Just intuitively, saying there is a 0.1% chance of extinction feels like a “low” estimate, whereas saying there is a 1 in a thousand chance of extinction feels like a high estimate, even though they both refer to the exact same probability. I think there a subset of people who want to say “AI extinction is possible, but extremely unlikely”, and are expressing this opinion with wildly different numbers depending on whether asked in terms of odds or percentages.
Yeah this is plausible but my intuitions go the other way. Would be interested in a replication that looks like
50% Probability a flip of a fair coin will be Tails
0.0003%: Lifetime probability of dying from lightning
0.00001%: Probability a random newborn becomes a U.S. president
vs
1 in 2: Probability a flip of a fair coin will be Tails
1 in 6: Probability a fair die will land on 5
1 in 9: Probability that in a room with 10 people, 2 of them have the same birthday.
1 in 14: Probability a randomly selected adult in America self-identifies as lesbian, gay, bisexual, or transgender
1 in 100: lifetime risk of dying from a car accident
I would also find this experiment interesting!

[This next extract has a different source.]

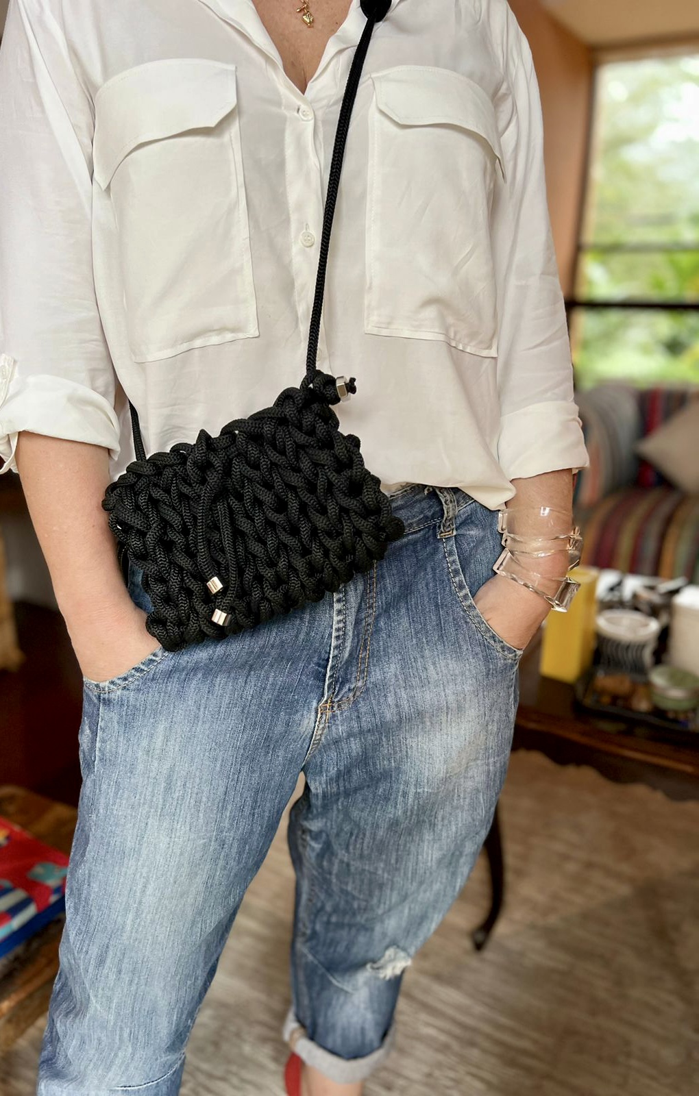 Bolsa Ganita preta, é aquela pequenininha que vai com tudo! É prática pra carregar um celular, um baton, uma chave. Para o dia ou para a noite, dando um toque moderno em qualquer look.

(I’m an FRI employee, but responding here in my personal capacity.)
Yeah, in general we thought about various types of framing effects a lot in designing the tournament, but this was one we hadn’t devoted much time to. I think we were all pretty surprised by the magnitude of the effect in the public survey.
Personally, I think this likely affected our normal tournament participants less than it did members of the public. Our “expert” sample mostly had considered pre-existing views on the topics, so there was less room for the elicitation of their probabilities to affect things. And superforecasters should be more fluent in probabilistic reasoning than educated members of the public, so should be less caught out by probability vs. odds.
In any case, forecasting low probabilities is very little studied, and an FRI project to remedy that is currently underway.
I agree, in that I predict that the effect would be lessened for experts and lessened still more for superforecasters.
However, that doesn’t tell us how much less. A six order of magnitude discrepancy leaves a lot of room! If switching to odds only dropped superforecasters by three orders of magnitude and experts by four orders of magnitude, everything you said above would be true, but it would still make a massive difference to risk estimates. The people in EA may already have a (P|Doom) before going in, but everyone else won’t. Being an AI expert does not make one immune to anchoring bias.
I think it’s very important to follow up on this for domain experts. I often see “median AI expert thinks thinks there is 2% chance AI x-risk” used as evidence to take AI risk seriously, but is there an alternate universe where the factoid is “median AI expert thinks there is 1 in 50,000 odds of AI x-risk” ? We really need to find out.